** WHAT IS EXPECTED **
Repeat the lines below exactly as written, please, from the line with "В восточноевропейских соцстранах" to the line with "2021 NISSAN NV2500", both lines included, and no others.

** SUPPLIED MATERIAL **
=-=-=-=-=

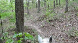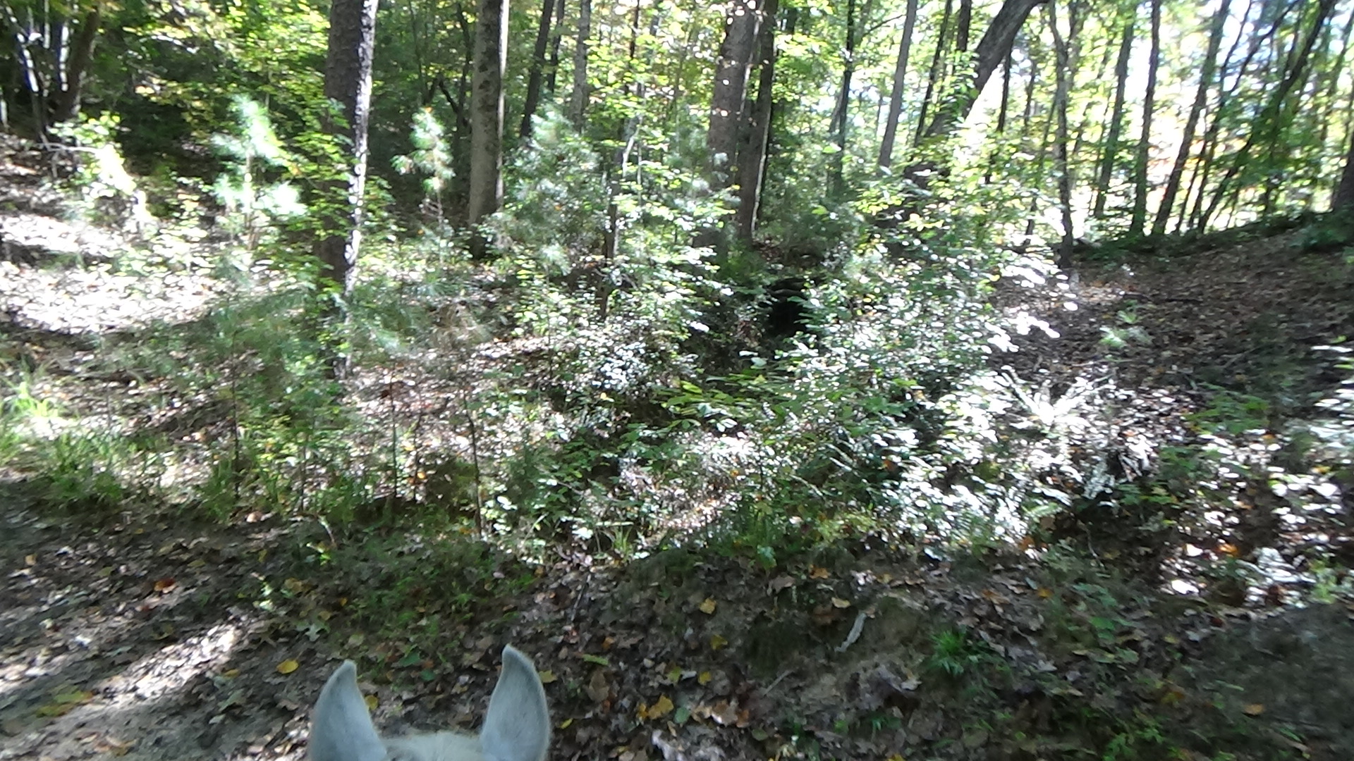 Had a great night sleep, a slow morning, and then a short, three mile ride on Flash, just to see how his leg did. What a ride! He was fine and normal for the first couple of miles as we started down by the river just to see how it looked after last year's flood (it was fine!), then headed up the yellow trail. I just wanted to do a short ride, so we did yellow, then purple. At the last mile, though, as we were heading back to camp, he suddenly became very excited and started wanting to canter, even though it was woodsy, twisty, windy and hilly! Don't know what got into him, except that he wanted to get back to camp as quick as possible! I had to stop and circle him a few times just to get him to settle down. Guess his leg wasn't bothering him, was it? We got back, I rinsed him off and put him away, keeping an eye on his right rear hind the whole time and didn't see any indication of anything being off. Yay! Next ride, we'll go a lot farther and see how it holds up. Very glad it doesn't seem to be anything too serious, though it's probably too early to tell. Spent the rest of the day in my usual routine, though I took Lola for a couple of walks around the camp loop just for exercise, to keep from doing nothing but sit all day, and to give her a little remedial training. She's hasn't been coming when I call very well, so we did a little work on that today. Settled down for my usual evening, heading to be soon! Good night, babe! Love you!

=-=-=-=-=

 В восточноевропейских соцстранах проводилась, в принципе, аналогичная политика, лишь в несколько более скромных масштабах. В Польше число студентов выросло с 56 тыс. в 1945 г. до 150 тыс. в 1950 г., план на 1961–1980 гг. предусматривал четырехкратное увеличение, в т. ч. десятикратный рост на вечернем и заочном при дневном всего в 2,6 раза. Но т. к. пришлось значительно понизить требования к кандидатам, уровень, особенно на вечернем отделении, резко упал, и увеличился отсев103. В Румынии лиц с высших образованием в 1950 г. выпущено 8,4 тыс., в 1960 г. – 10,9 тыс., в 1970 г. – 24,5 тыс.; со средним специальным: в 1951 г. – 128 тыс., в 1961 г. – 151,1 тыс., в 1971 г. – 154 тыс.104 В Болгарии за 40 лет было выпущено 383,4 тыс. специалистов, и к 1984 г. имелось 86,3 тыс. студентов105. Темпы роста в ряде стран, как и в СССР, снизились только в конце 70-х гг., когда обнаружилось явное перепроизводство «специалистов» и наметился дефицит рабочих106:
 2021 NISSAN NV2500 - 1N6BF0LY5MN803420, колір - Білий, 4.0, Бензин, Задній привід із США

=-=-=-=-=

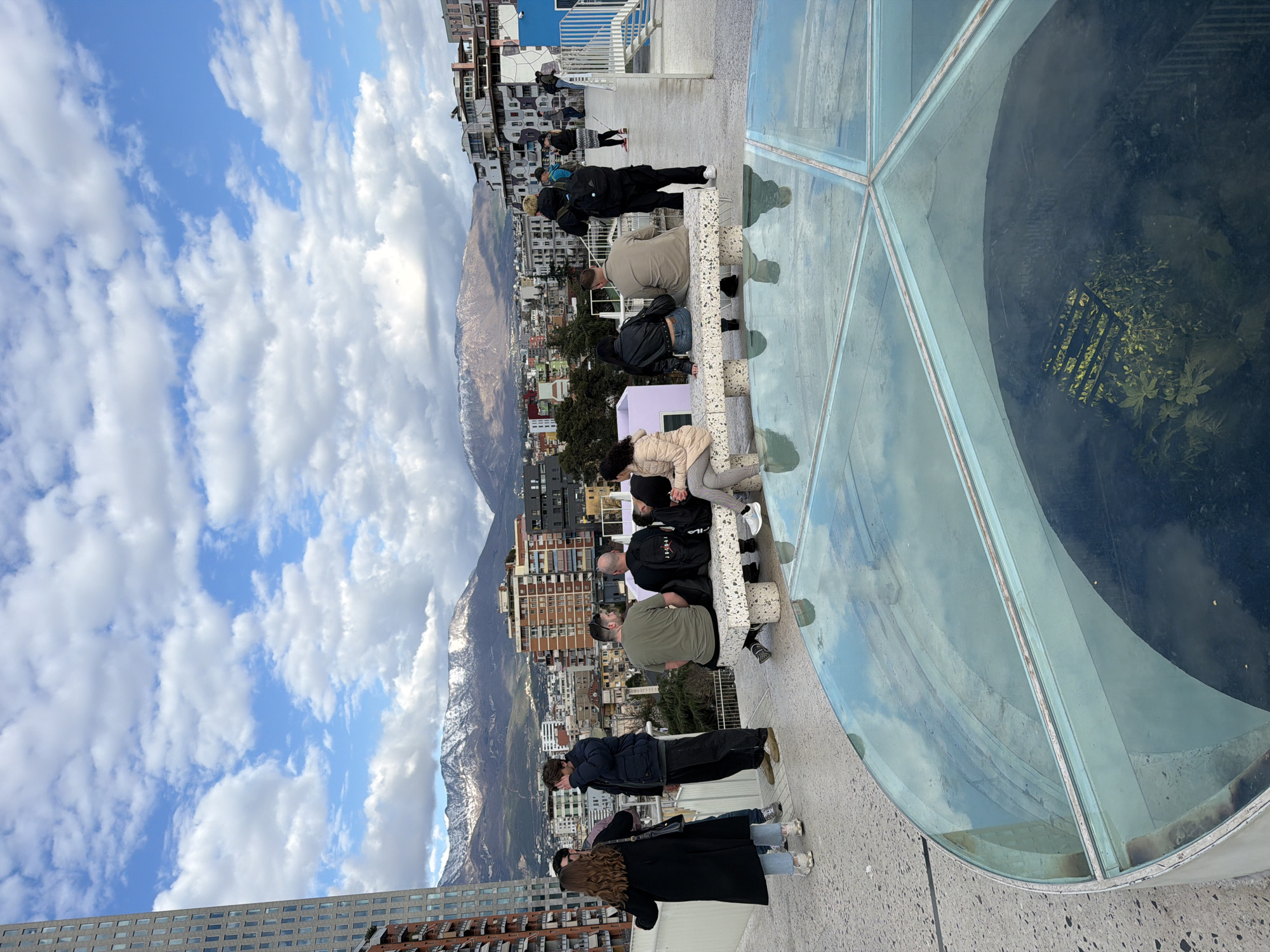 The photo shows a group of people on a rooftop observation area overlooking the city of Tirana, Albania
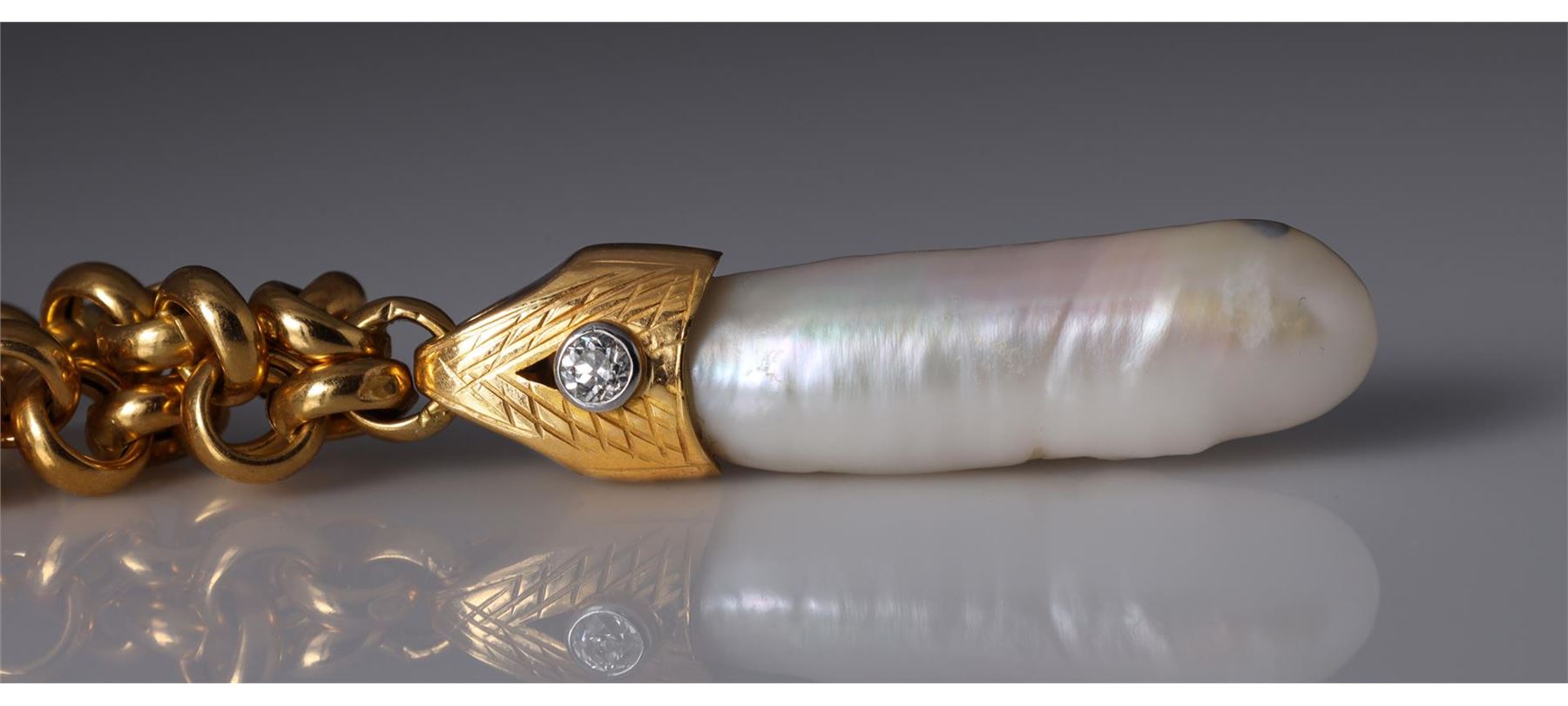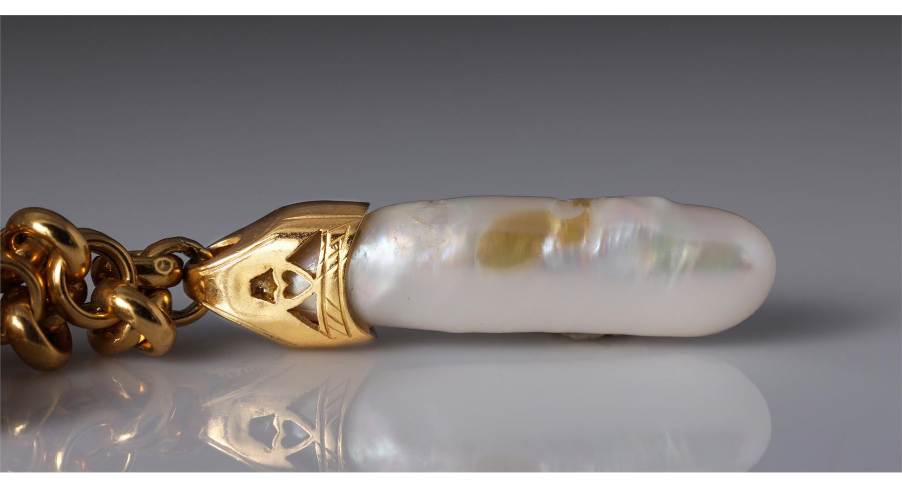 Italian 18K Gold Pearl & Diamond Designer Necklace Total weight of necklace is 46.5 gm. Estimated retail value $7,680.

=-=-=-=-=

** RESULT **
 В восточноевропейских соцстранах проводилась, в принципе, аналогичная политика, лишь в несколько более скромных масштабах. В Польше число студентов выросло с 56 тыс. в 1945 г. до 150 тыс. в 1950 г., план на 1961–1980 гг. предусматривал четырехкратное увеличение, в т. ч. десятикратный рост на вечернем и заочном при дневном всего в 2,6 раза. Но т. к. пришлось значительно понизить требования к кандидатам, уровень, особенно на вечернем отделении, резко упал, и увеличился отсев103. В Румынии лиц с высших образованием в 1950 г. выпущено 8,4 тыс., в 1960 г. – 10,9 тыс., в 1970 г. – 24,5 тыс.; со средним специальным: в 1951 г. – 128 тыс., в 1961 г. – 151,1 тыс., в 1971 г. – 154 тыс.104 В Болгарии за 40 лет было выпущено 383,4 тыс. специалистов, и к 1984 г. имелось 86,3 тыс. студентов105. Темпы роста в ряде стран, как и в СССР, снизились только в конце 70-х гг., когда обнаружилось явное перепроизводство «специалистов» и наметился дефицит рабочих106:
 2021 NISSAN NV2500 - 1N6BF0LY5MN803420, колір - Білий, 4.0, Бензин, Задній привід із США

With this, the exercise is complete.